# Integral of x^x Series Representation

1. Nov 28, 2008

### Cistra

1. The problem statement, all variables and given/known data

This has been driving me insane, and I'm sure it's something mind-boggling obvious but I can't seem to find it. I'll go through the work through here, I'm trying to prove that

$$\int_0^1{x^xdx}=\sum_{n=1}^{\infty}\frac{(-1)^{n+1}}{n^n}$$.

2. The attempt at a solution

Basically I'm having a negative somewhere that I'm not accounting for in my derivation of this. I'll just go through what I do step by step here until where I'm positive my error occurs...

$$\int_0^1{x^xdx}=\int_0^1{e^{xln(x)}dx}$$

$$e^{xln(x)}dx=\sum_{n=0}^{\infty}\frac{1}{n!}x^nln^n(x)$$

$$\sum_{n=0}^{\infty}\frac{1}{n!}\int_0^1x^nln^n(x)dx$$ and then I made the substitution $$u=-ln(x)$$ or $$e^{-u}=x,dx=-e^{-u}du$$ and I get after changing the bounds of integration

$$(-1)^{n+1}{\int_0^{\infty}e^{-u(n+1)}u^ndu$$

Here's the problem, I'm supposed to get $$(-1)^n$$ as the constant in the integrand at this point but I can't get that extra -1 to go away.

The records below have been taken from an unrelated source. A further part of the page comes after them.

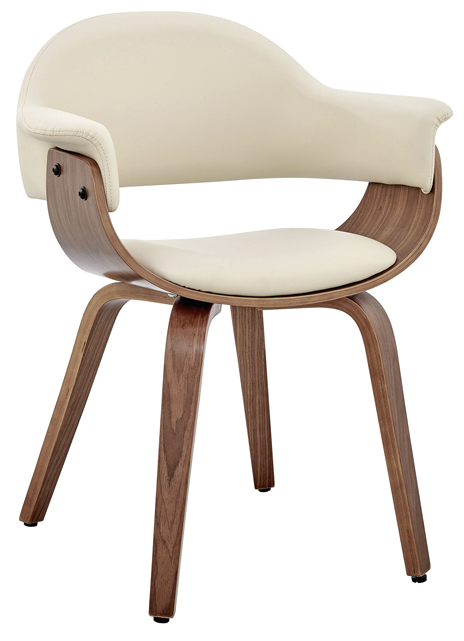The open-back design offers breathable seating, combined with the soft foam padded cushion - this chair will make you want to stay seated all day long. The rich fabric is alluring and authentic, looking great, and performing well is what we offer to our customers with every product. Place this chair in any room of your home to help update your decor! The Adalyn accent chair is available in your color choice of grey, cream, or black faux leather with walnut wood or grey faux leather with black wood.
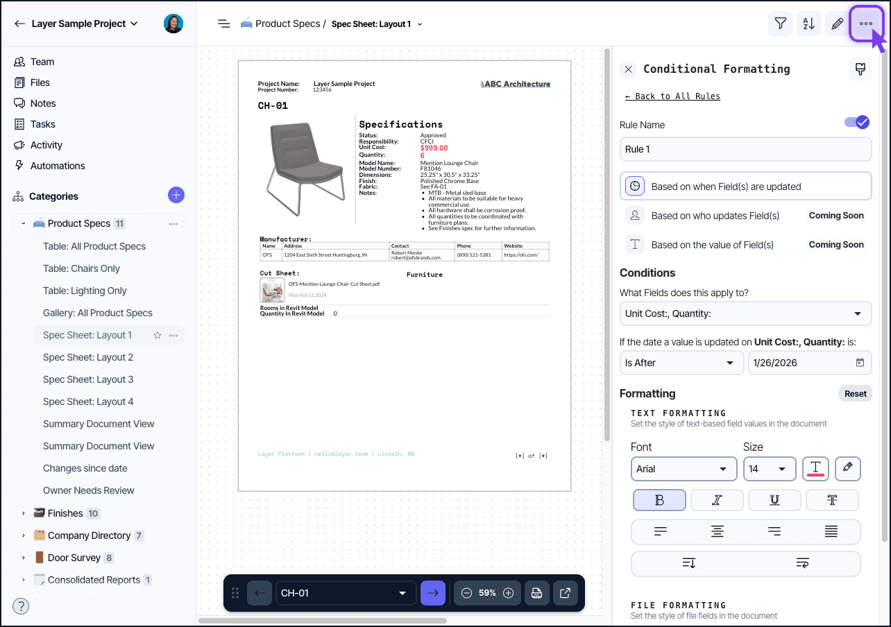 Use conditional formatting to highlight updated values in a document view. Formatting rules are based on system metadata and apply visual styling (e.g. font, color, size) when conditions are met.
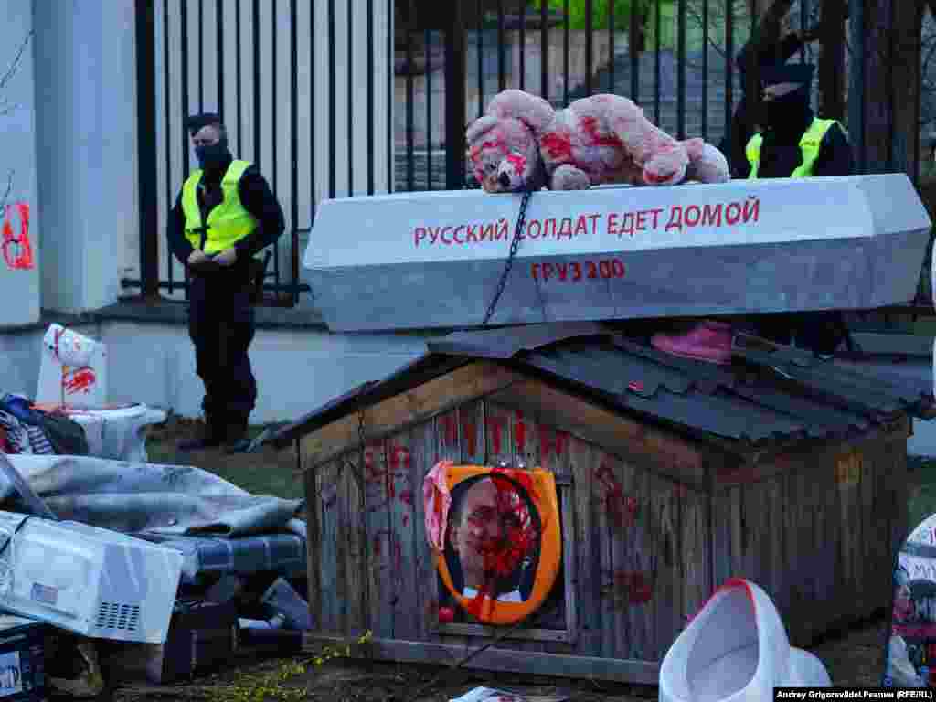 Наибольший фурор вызвало появление у забора посольства собачьей конуры и гроба с надписью "Русский солдат едет домой. Груз 200".
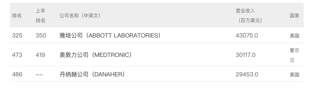 另外,在榜单中属于“医疗器材和设备”行业、但
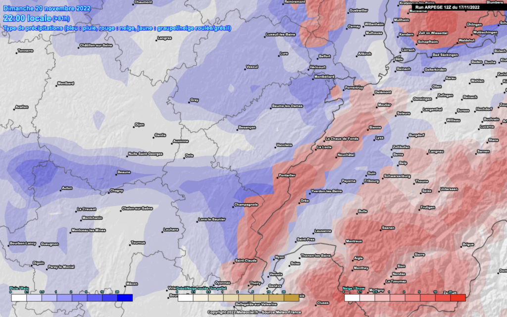 Quant à mardi 22 novembre, de nouvelles précipitations pourraient gagner la Franche-Comté mais les températures — en légère hausse — devraient faire monter la limite pluie-neige à 1100 mètres d’altitude… Le tout avant un redoux beaucoup plus marqué pour les journées de mercredi à dimanche !
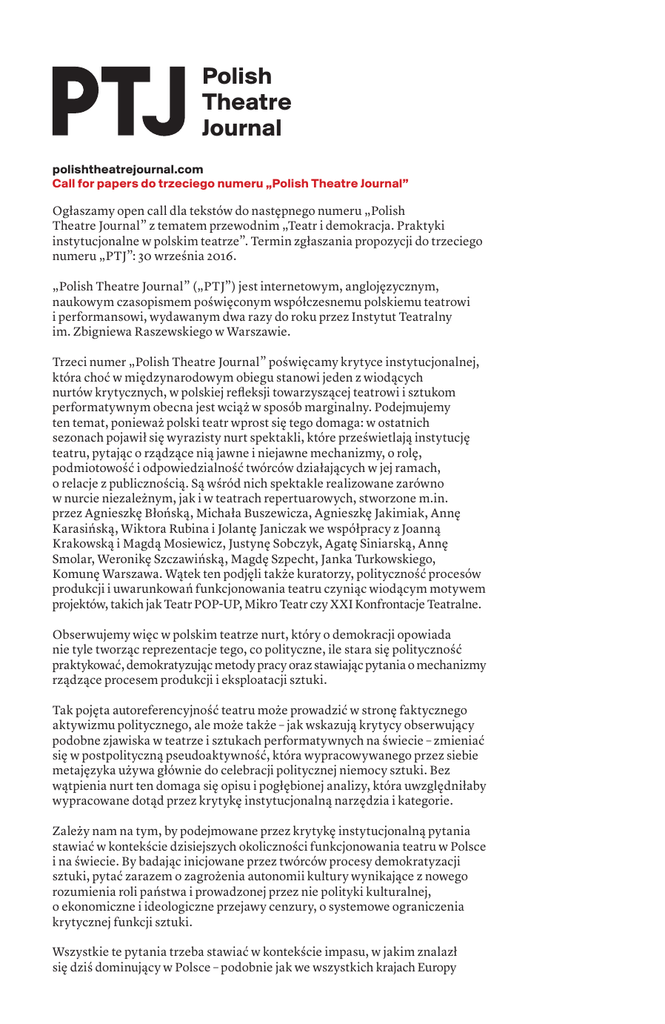 Polish Theatre Journal polishtheatrejournal.com Call for papers do trzeciego numeru „Polish Theatre Journal” Ogłaszamy open call dla tekstów do następnego numeru „Polish Theatre Journal” z tematem przewodnim „Teatr i demokracja. Praktyki instytucjonalne w polskim teatrze”. Termin zgłaszania propozycji do trzeciego numeru „PTJ”: 30 września 2016. „Polish Theatre Journal” („PTJ”) jest internetowym, anglojęzycznym, naukowym czasopismem poświęconym współczesnemu polskiemu teatrowi i performansowi, wydawanym dwa razy do roku przez Instytut Teatralny im. Zbigniewa Raszewskiego w Warszawie. Trzeci numer „Polish Theatre Journal” poświęcamy krytyce instytucjonalnej, która choć w międzynarodowym obiegu stanowi jeden z wiodących nurtów krytycznych, w polskiej refleksji towarzyszącej teatrowi i sztukom performatywnym obecna jest wciąż w sposób marginalny. Podejmujemy ten temat, ponieważ polski teatr wprost się tego domaga: w ostatnich sezonach pojawił się wyrazisty nurt spektakli, które prześwietlają instytucję teatru, pytając o rządzące nią jawne i niejawne mechanizmy, o rolę, podmiotowość i odpowiedzialność twórców działających w jej ramach, o relacje z publicznością. Są wśród nich spektakle realizowane zarówno w nurcie niezależnym, jak i w teatrach repertuarowych, stworzone m.in. przez Agnieszkę Błońską, Michała Buszewicza, Agnieszkę Jakimiak, Annę Karasińską, Wiktora Rubina i Jolantę Janiczak we współpracy z Joanną Krakowską i Magdą Mosiewicz, Justynę Sobczyk, Agatę Siniarską, Annę Smolar, Weronikę Szczawińską, Magdę Szpecht, Janka Turkowskiego, Komunę Warszawa. Wątek ten podjęli także kuratorzy, polityczność procesów produkcji i uwarunkowań funkcjonowania teatru czyniąc wiodącym motywem projektów, takich jak Teatr POP-UP, Mikro Teatr czy XXI Konfrontacje Teatralne. Obserwujemy więc w polskim teatrze nurt, który o demokracji opowiada nie tyle tworząc reprezentacje tego, co polityczne, ile stara się polityczność praktykować, demokratyzując metody pracy oraz stawiając pytania o mechanizmy rządzące procesem produkcji i eksploatacji sztuki. Tak pojęta autoreferencyjność teatru może prowadzić w stronę faktycznego aktywizmu politycznego, ale może także – jak wskazują krytycy obserwujący podobne zjawiska w teatrze i sztukach performatywnych na świecie – zmieniać się w postpolityczną pseudoaktywność, która wypracowywanego przez siebie metajęzyka używa głównie do celebracji politycznej niemocy sztuki. Bez wątpienia nurt ten domaga się opisu i pogłębionej analizy, która uwzględniłaby wypracowane dotąd przez krytykę instytucjonalną narzędzia i kategorie. Zależy nam na tym, by podejmowane przez krytykę instytucjonalną pytania stawiać w kontekście dzisiejszych okoliczności funkcjonowania teatru w Polsce i na świecie. By badając inicjowane przez twórców procesy demokratyzacji sztuki, pytać zarazem o zagrożenia autonomii kultury wynikające z nowego rozumienia roli państwa i prowadzonej przez nie polityki kulturalnej, o ekonomiczne i ideologiczne przejawy cenzury, o systemowe ograniczenia krytycznej funkcji sztuki. Wszystkie te pytania trzeba stawiać w kontekście impasu, w jakim znalazł się dziś dominujący w Polsce – podobnie jak we wszystkich krajach Europy Środkowej i Wschodniej oraz Niemiec – model t e at r u r e p e r t u a r o we go . Sceny publiczne, borykające się z systemowym niedofinansowaniem, wysokimi kosztami produkcji i eksploatacji spektakli, poddawane rosnącej presji ekonomistów i polityków przywiązanych do idei samoregulującego się rynku, z wielkim trudem (jeśli w ogóle) próbują podejmować wyzwania związane ze współczesnym kryzysem demokracji i społeczeństwa obywatelskiego. Tym bardziej, że nierzadko same są przestrzenią przemocowych praktyk zarządzania i sztywnej hierarchii, które podporządkowują pracę całej instytucji wizji jednej osoby i uniemożliwiają krytyczne lub alternatywne spojrzenie na nią, jej cele i sposób funkcjonowania. Jest też możliwe, że model instytucji i organizacji teatru oraz sposób jego rozumienia i uprawiania, jaki wytworzył się i został przyjęty w nowożytnej Europie a następnie upowszechnił na świecie opiera się na milcząco przyjętym założeniu o nienaruszalności struktur i podziałów, które chcielibyśmy poddać dyskusji. Że innymi słowy: teatr jest instytucją niedemokratyczną, a głębokie zmiany w jego podstawowej strukturze wiodą z konieczności do jego przekształcenia bądź to w inną formę sztuk performatywnych, bądź też w „nie-sztukę”. Dyskusja o teatrze i jego instytucjonalnej formule okazuje się więc dyskusją o rudymentach rozumienia sztuki i kultury oraz funkcji, jakie mogą i powinny pełnić we współczesnym świecie. W trzecim numerze „Polish Theatre Journal” chcielibyśmy podjąć debatę dotyczącą wyżej wskazanych problemów, otwierając ją także na zjawiska spoza teatru polskiego. Mamy bowiem wrażenie, że sytuacja, z którą się mierzymy, dotyczy nie tylko Polski, zaś w poszukiwaniu możliwych rozwiązań (lub dla zdiagnozowania zagrożeń) trzeba korzystać z doświadczeń innych krajów, zwłaszcza Europy Środkowo-Wschodniej. Zapraszamy do zgłaszania swoich propozycji. Zależy nam zarówno na tekstach analitycznych, badających konkretne dzieła, strategie twórców czy instytucji, jak i na szerszych ujęciach problemowych. Interesuje nas także podejście komparatystyczne, pokazujące zachodzące w polskim teatrze procesy na tle podobnych zjawisk w innych krajach i dyscyplinach sztuki. Obok tekstów krytycznych chętnie widzielibyśmy projekty rewolucyjnych utopii i wizje emancypacyjnego działania dla przyszłości, nawet jeśli dziś wydawać się mogą tylko marzeniami. Zależy nam na otwarciu dyskusji i zebraniu inspiracji, które mogłyby zapobiec pogłębianiu się poczucia bezradnoś

Ignoring that constant the rest of the proof goes out without a hitch, just using the Gamma function etc. but I can't make this silly negative go away! Can anyone see my mistake? =(

Thank you!

*Edit: The rest of the derivation from the last step. I made another substitution $$v=u(n+1),du=dv/(n+1)$$ and then I get

$$\frac{(-1)^{n+1}}{n+1}\int_0^{\infty}e^{-v}\left(\frac{v}{n+1}\right)^ndv=\frac{(-1)^{n+1}}{(n+1)^{n+1}}\int_0^{\infty}e^{-v}v^{n}dv$$.

That last formula is the one for $$\Gamma(n+1)=n!$$ so then I get after substituting back into the sum,

$$\sum_{n=0}^{\infty}\frac{n!}{n!}\frac{(-1)^{n+1}}{(n+1)^{n+1}}=\sum_{n=0}^{\infty}\frac{(-1)^{n+1}}{(n+1)^{n+1}}$$.

Now I do make that substitution into the sum, setting $$n+1=k$$ I get

$$\int_0^1x^xdx=\sum_{k=1}^{\infty}\frac{(-1)^k}{k^k}$$. The problem is that I'm supposed to get $$(-1)^{k+1}$$ in that final sum rather than $$(-1)^k$$.

Last edited: Nov 28, 2008
2. Nov 28, 2008

### Unco

You'll kick yourself, Cistra: your sum is from n=0, the required sum is from k=1 (replacing their n with k), so at the end just put k=n+1.

3. Nov 28, 2008

### Cistra

Hrm, that's what I did (edited with full derivation above) and I'm off by one power of -1 at my conclusion.

4. Nov 28, 2008

### Unco

Actually, with your substitution we have

$$\int_0^1x^nln^n(x)dx = \int_{\infty}^{0}e^{-nu}(-u)^n(-e^{-u}\, du) \,\, = \, \, -(-1)^n\int_{\infty}^{0}e^{-u(n+1)}u^n\, du \, \, = \, \, (-1)^n\int_{0}^{\infty}e^{-u(n+1)}u^n\, du$$

5. Nov 28, 2008

### Cistra

Argh! I didn't look closely at my bounds...thank you for your assistance Unco.